• What is being asked: Starting with the line that has "綿のグラデーションストライプ" in the records below and stopping after the line that has "北斗第五丹元廉贞星君、玉衡星", output every line exactly and nothing else; skip pictures.

• Data under study:
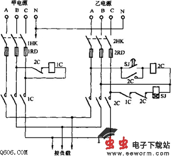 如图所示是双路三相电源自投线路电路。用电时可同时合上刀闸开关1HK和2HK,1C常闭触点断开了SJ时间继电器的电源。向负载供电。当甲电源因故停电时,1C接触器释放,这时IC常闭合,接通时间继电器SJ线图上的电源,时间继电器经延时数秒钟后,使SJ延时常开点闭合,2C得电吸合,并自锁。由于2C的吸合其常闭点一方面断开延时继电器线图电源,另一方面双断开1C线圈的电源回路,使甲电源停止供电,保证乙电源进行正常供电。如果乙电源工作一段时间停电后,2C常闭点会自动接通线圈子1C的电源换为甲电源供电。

==

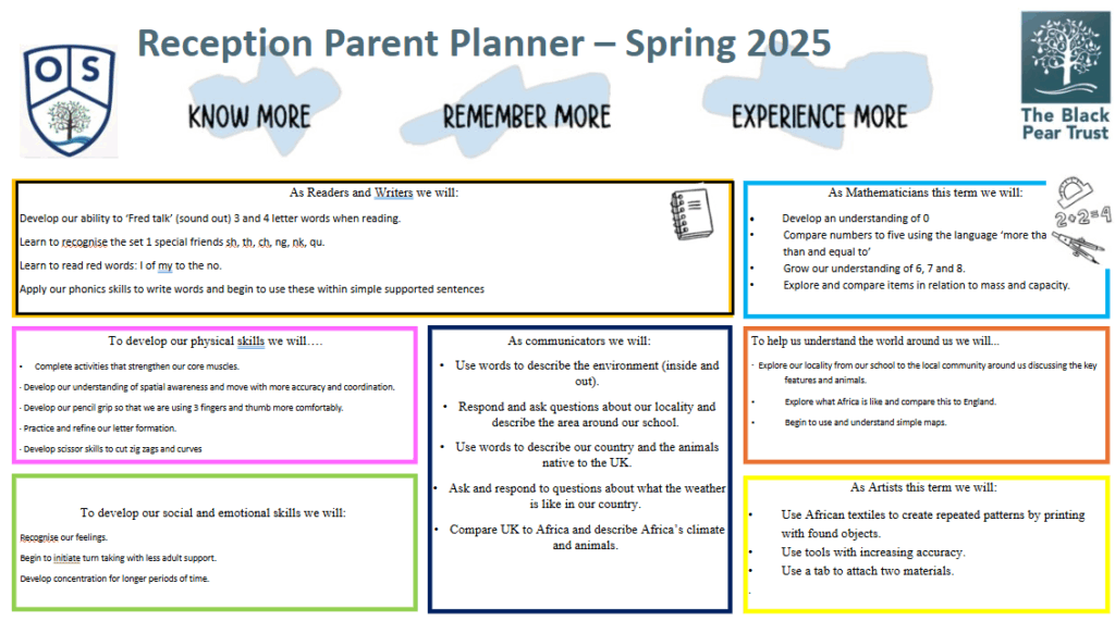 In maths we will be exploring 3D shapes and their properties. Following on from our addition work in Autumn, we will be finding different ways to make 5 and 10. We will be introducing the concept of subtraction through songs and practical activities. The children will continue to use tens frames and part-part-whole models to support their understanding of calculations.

---

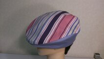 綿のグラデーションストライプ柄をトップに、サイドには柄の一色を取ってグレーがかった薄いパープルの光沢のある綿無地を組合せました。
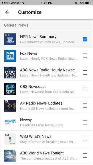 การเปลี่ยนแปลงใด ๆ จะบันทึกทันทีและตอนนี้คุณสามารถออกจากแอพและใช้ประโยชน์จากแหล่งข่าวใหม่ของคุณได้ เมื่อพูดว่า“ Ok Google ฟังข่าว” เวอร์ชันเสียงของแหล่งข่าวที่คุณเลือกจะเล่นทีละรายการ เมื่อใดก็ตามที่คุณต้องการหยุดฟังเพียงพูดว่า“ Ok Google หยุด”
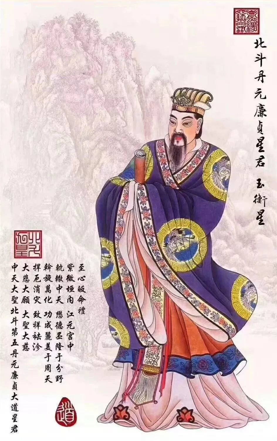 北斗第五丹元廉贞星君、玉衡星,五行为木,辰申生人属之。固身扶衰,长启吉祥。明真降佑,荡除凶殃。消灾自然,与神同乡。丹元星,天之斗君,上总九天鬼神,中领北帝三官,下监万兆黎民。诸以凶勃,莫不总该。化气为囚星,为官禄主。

• Output of the exercise:
 綿のグラデーションストライプ柄をトップに、サイドには柄の一色を取ってグレーがかった薄いパープルの光沢のある綿無地を組合せました。
 การเปลี่ยนแปลงใด ๆ จะบันทึกทันทีและตอนนี้คุณสามารถออกจากแอพและใช้ประโยชน์จากแหล่งข่าวใหม่ของคุณได้ เมื่อพูดว่า“ Ok Google ฟังข่าว” เวอร์ชันเสียงของแหล่งข่าวที่คุณเลือกจะเล่นทีละรายการ เมื่อใดก็ตามที่คุณต้องการหยุดฟังเพียงพูดว่า“ Ok Google หยุด”
 北斗第五丹元廉贞星君、玉衡星,五行为木,辰申生人属之。固身扶衰,长启吉祥。明真降佑,荡除凶殃。消灾自然,与神同乡。丹元星,天之斗君,上总九天鬼神,中领北帝三官,下监万兆黎民。诸以凶勃,莫不总该。化气为囚星,为官禄主。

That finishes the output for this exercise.